Structure and Dynamics in Collectives
Speaker: P. S. Krishnaprasad, University of Maryland
Series: Baetjer Colloquium
Location:
Bowen Hall Room 222
Date/Time: Friday, April 20, 2012, 3:30 p.m.
- 4:30 p.m.
Abstract:
Even a casual observer cannot but wonder about the inner dynamics at work in the agile choreography of a flock of starlings overhead that successfully eludes repeated attacks of a peregrine falcon. What are the laws that govern the steering inputs of a starling leading to such fluid-like collective motion? Can we synthesize similar abilities in aerial robotic flocks?
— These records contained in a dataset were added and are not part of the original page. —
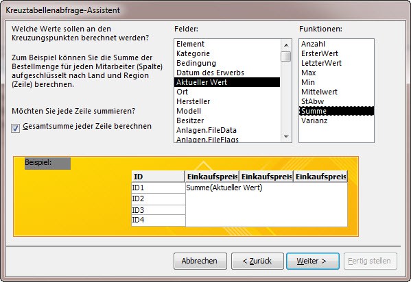 With a crosstab query you calculate in Access to a sum, average or similar values. In addition, the results can be clearly grouped.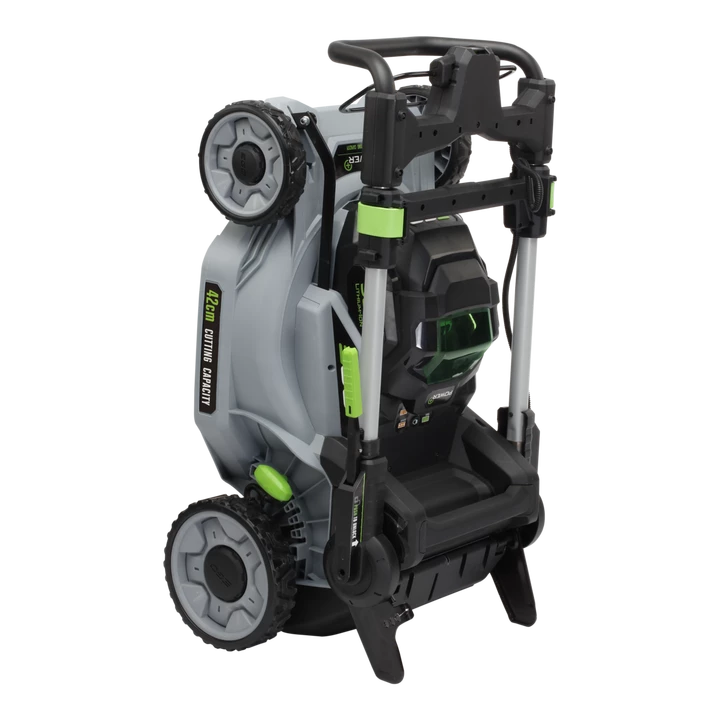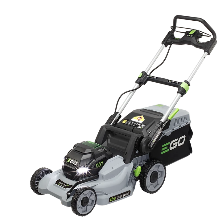 EGO LM1701E - потужна акумуляторна несамохідна газонокосарка із побутового сегменту обладнання ТМ EGO. Оснащується безщітковим двигуном і має ширину захвату газону 42 см. Час роботи від одного акумулятора EGO на 2,5 А*год досягає 20 хвилин, якого вистачає на газон площею 400 кв.м. Висота косіння регулюється синхронно для всіх коліс від 20 мм до 80 мм. Залежно від потреби, користувач може або мульчувати траву під час косіння, або збирати в комплектний 55 л мішок.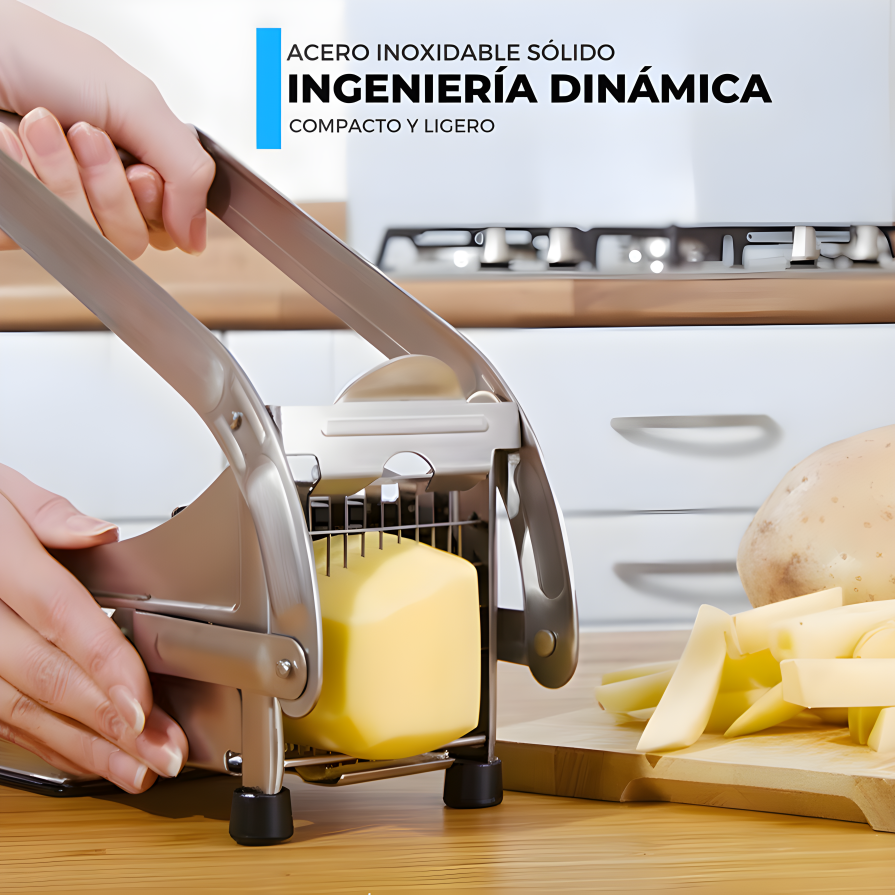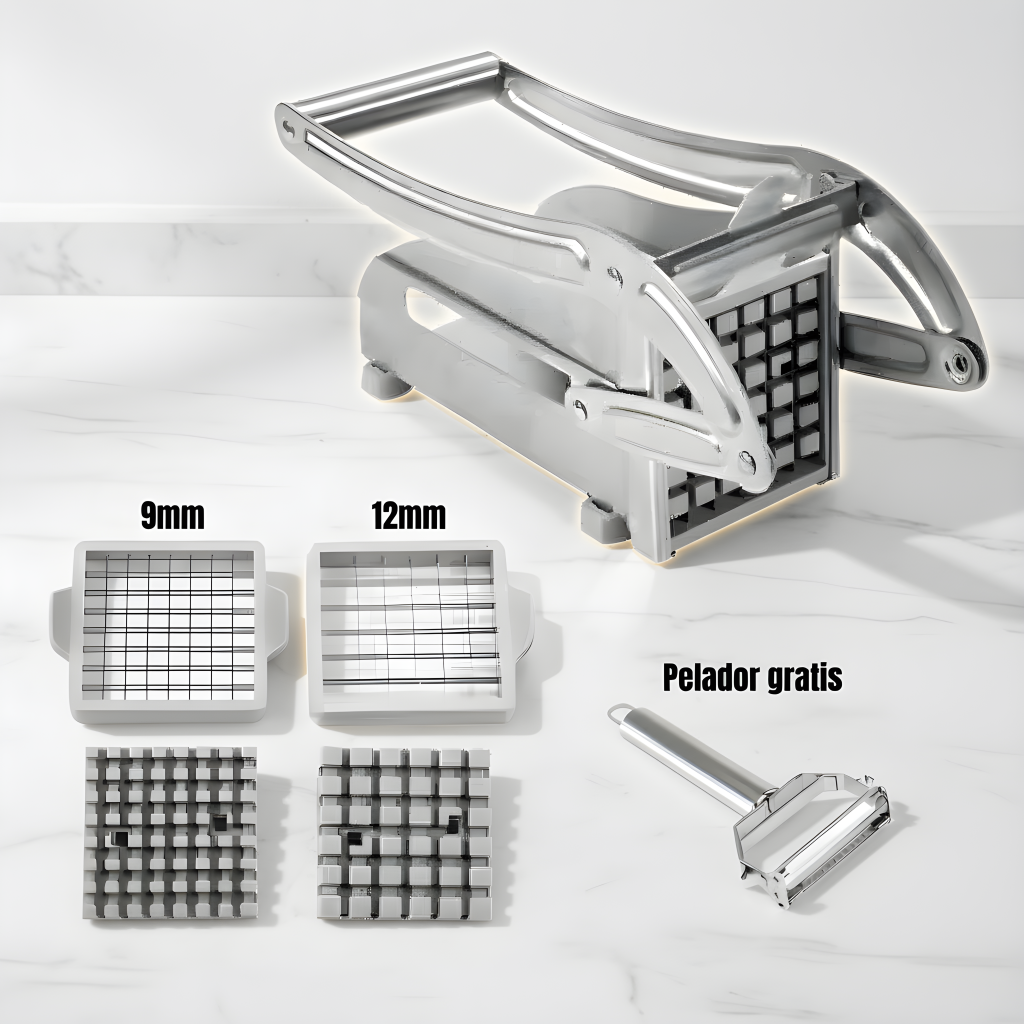Sí, incluye cuchillas dobles intercambiables (9 mm y 12 mm) para que puedas elegir el grosor de corte que prefieras. Perfecto para papas fritas, palitos de verduras o rebanadas de ensalada.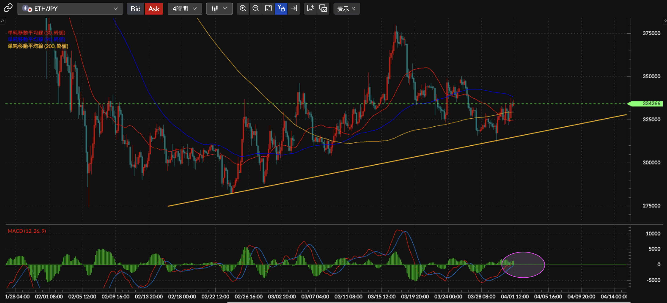 ETH/JPY4時間足チャート分析です。

In this talk, we explore how ideas of geometrical character offer useful perspectives in answering such questions: for example, through investigation of the structure of configuration space; the synthesis of control strategies; the role of symmetries and reduction in closed loop dynamics; and the analysis of empirical data from biology. We will illustrate our approach in these directions, using some low dimensional examples. We will examine nonlinear smoothing schemes to assimilate sampled observations of collectives of continuous time dynamical systems, e.g. bird flocking events, into generative models with continuous time (steering) inputs and outputs. The purpose of such assimilation is to evaluate hypotheses of interest, based on correlations, delays, and mechanisms of interaction between elementary units of the observed population. Appeal to the maximum principle of Pontryagin leads to alternative computational schemes, and questions of integrability of extremals, of broader mathematical interest.
Biography:
P. S. Krishnaprasad received the Ph.D. degree from Harvard University in 1977. He taught in the Systems Engineering Department at Case Western Reserve University from 1977 to 1980. Since August 1980, he has been with the University of Maryland, currently a Professor of Electrical & Computer Engineering, with a joint appointment at the Institute for Systems Research. His interests lie in the areas of geometric control theory, filtering and signal processing, robotics, acoustics, and biologically-inspired approaches to control, sensing and computation. His work is now focused on pursuit and cohesion in nature and in engineered systems. He is a Fellow of the IEEE. He delivered the Munich Mathematical Colloquium Lecture in fall 2006, and the Hendrik W. Bode Lecture of the IEEE Control Systems Society in 2007.